_Your assignment_
Once you find the line below that has "Раковина Grossman Color", output it and every line after it exactly, stopping after the line that has "MOnF : matière", with no pictures.
★ ★ ★ ★ ★ ★ ★
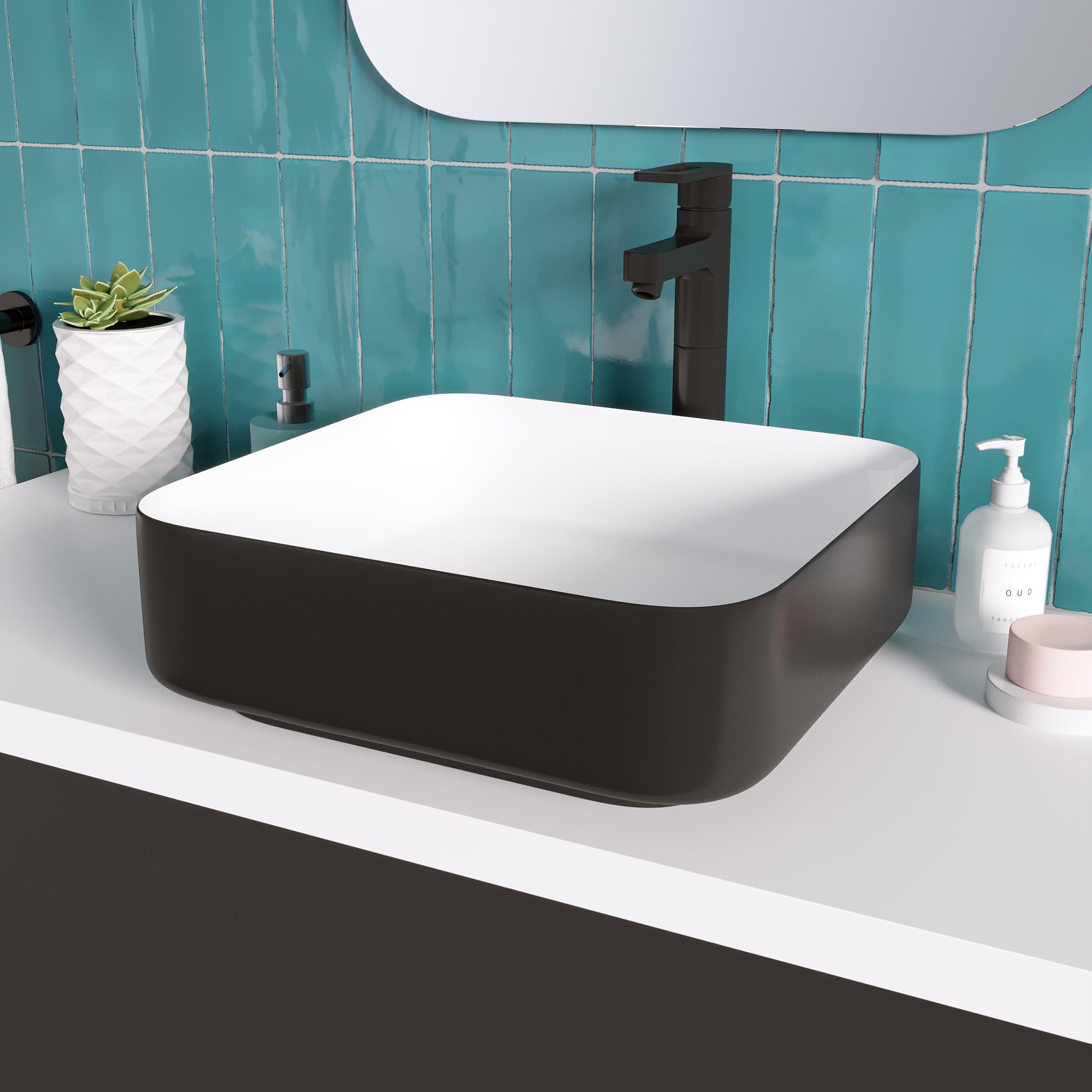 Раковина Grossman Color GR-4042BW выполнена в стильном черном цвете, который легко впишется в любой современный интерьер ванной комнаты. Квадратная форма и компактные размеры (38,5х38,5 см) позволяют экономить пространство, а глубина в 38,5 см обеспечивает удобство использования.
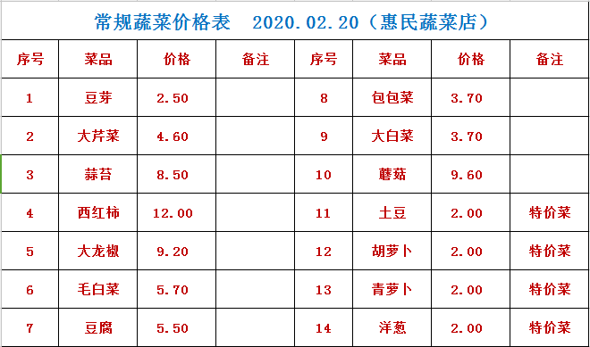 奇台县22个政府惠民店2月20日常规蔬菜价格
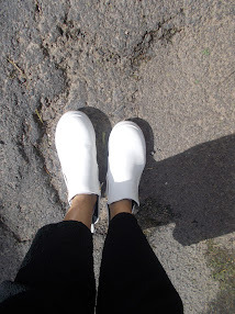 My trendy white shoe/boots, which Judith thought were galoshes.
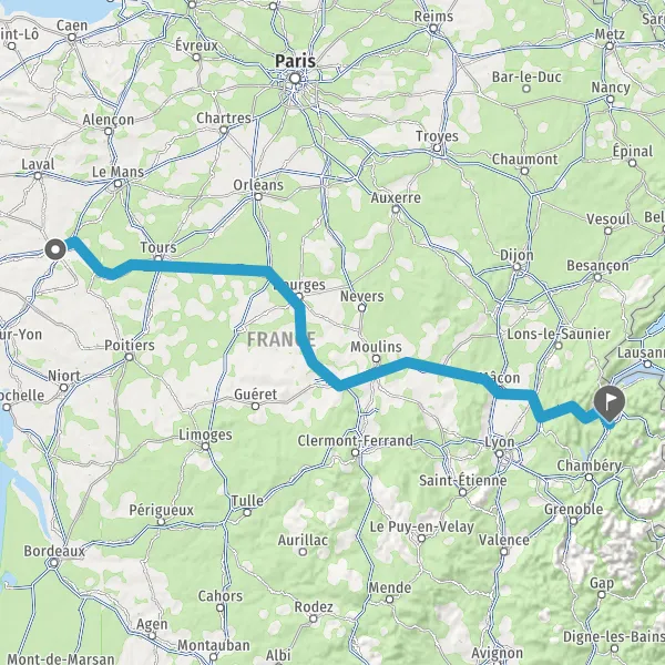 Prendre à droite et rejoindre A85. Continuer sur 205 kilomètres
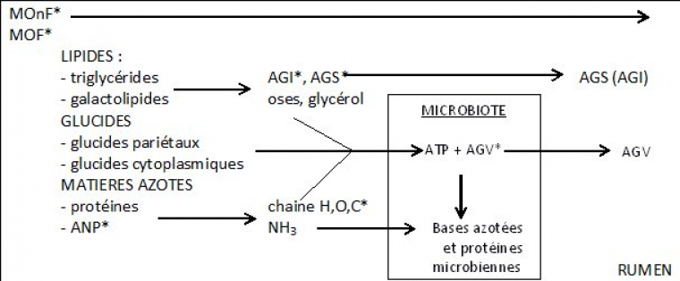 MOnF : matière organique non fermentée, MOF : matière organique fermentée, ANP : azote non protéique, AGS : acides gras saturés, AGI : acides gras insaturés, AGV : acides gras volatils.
★ ★ ★ ★ ★ ★ ★
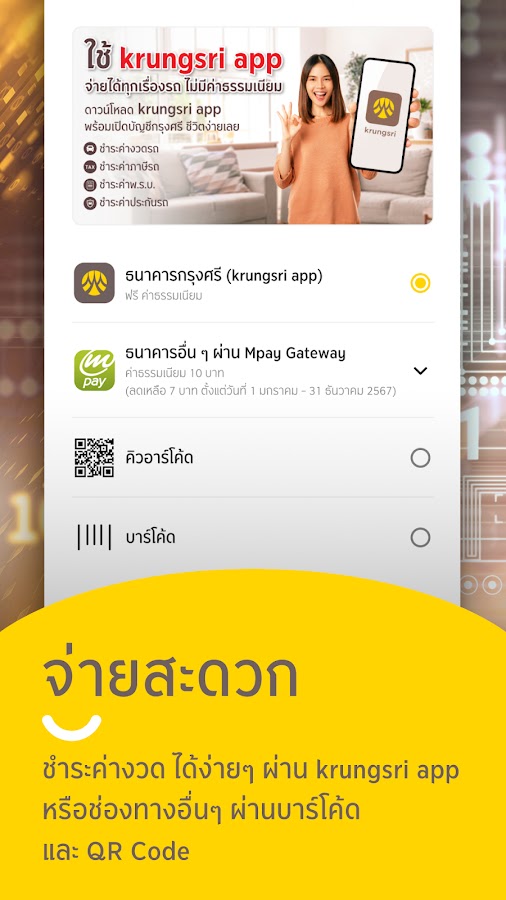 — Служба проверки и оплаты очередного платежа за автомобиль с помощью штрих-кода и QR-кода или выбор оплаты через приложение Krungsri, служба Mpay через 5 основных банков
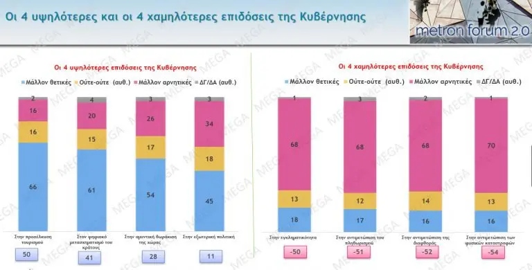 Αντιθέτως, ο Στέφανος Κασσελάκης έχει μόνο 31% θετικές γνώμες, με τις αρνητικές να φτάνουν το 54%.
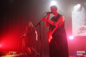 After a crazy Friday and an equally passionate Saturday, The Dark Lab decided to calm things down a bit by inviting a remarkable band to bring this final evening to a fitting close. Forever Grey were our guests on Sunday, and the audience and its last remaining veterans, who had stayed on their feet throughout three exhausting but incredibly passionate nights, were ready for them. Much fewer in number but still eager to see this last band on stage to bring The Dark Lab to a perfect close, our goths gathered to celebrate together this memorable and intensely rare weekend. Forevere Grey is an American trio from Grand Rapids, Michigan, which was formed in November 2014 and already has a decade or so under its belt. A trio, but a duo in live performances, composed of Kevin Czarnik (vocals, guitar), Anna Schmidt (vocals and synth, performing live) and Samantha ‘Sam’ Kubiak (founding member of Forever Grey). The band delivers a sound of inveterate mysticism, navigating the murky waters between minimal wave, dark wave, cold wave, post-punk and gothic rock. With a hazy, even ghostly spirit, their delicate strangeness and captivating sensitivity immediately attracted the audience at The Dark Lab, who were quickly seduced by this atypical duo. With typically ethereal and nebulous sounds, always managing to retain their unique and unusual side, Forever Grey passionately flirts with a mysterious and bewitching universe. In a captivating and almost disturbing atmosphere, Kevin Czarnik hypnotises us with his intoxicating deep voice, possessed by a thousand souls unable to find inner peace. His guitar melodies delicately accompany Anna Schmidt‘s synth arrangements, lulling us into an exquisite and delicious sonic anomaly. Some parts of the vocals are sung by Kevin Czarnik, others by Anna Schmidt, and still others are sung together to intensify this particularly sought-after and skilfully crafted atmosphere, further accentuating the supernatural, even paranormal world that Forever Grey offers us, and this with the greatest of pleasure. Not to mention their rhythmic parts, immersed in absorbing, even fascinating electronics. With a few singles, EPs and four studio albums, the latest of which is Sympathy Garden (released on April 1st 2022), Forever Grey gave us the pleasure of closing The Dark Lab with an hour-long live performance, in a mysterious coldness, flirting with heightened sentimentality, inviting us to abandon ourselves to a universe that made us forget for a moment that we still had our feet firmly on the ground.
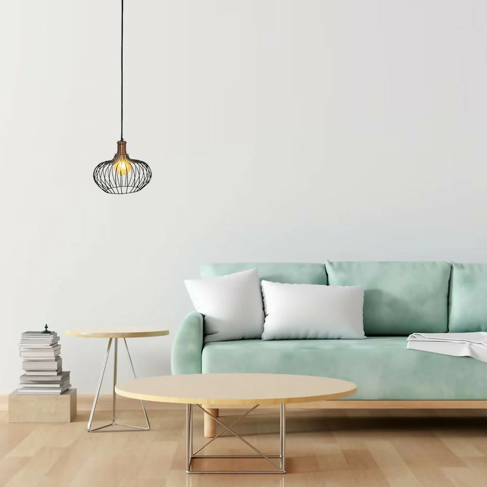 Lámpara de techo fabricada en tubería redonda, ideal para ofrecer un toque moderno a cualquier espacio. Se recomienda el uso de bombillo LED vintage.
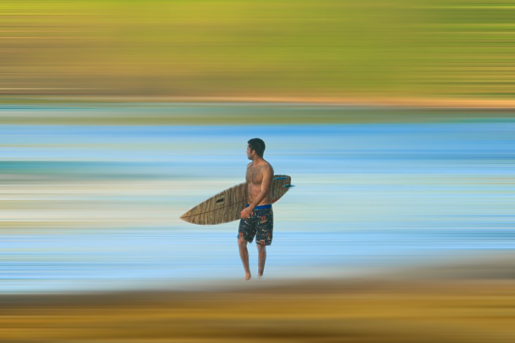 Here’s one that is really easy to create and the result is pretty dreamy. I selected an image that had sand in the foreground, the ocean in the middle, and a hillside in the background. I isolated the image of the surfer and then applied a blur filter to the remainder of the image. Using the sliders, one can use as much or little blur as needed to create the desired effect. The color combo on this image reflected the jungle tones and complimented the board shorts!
★ ★ ★ ★ ★ ★ ★
_Solution to this task_
 Раковина Grossman Color GR-4042BW выполнена в стильном черном цвете, который легко впишется в любой современный интерьер ванной комнаты. Квадратная форма и компактные размеры (38,5х38,5 см) позволяют экономить пространство, а глубина в 38,5 см обеспечивает удобство использования.
 奇台县22个政府惠民店2月20日常规蔬菜价格
 My trendy white shoe/boots, which Judith thought were galoshes.
 Prendre à droite et rejoindre A85. Continuer sur 205 kilomètres
 MOnF : matière organique non fermentée, MOF : matière organique fermentée, ANP : azote non protéique, AGS : acides gras saturés, AGI : acides gras insaturés, AGV : acides gras volatils.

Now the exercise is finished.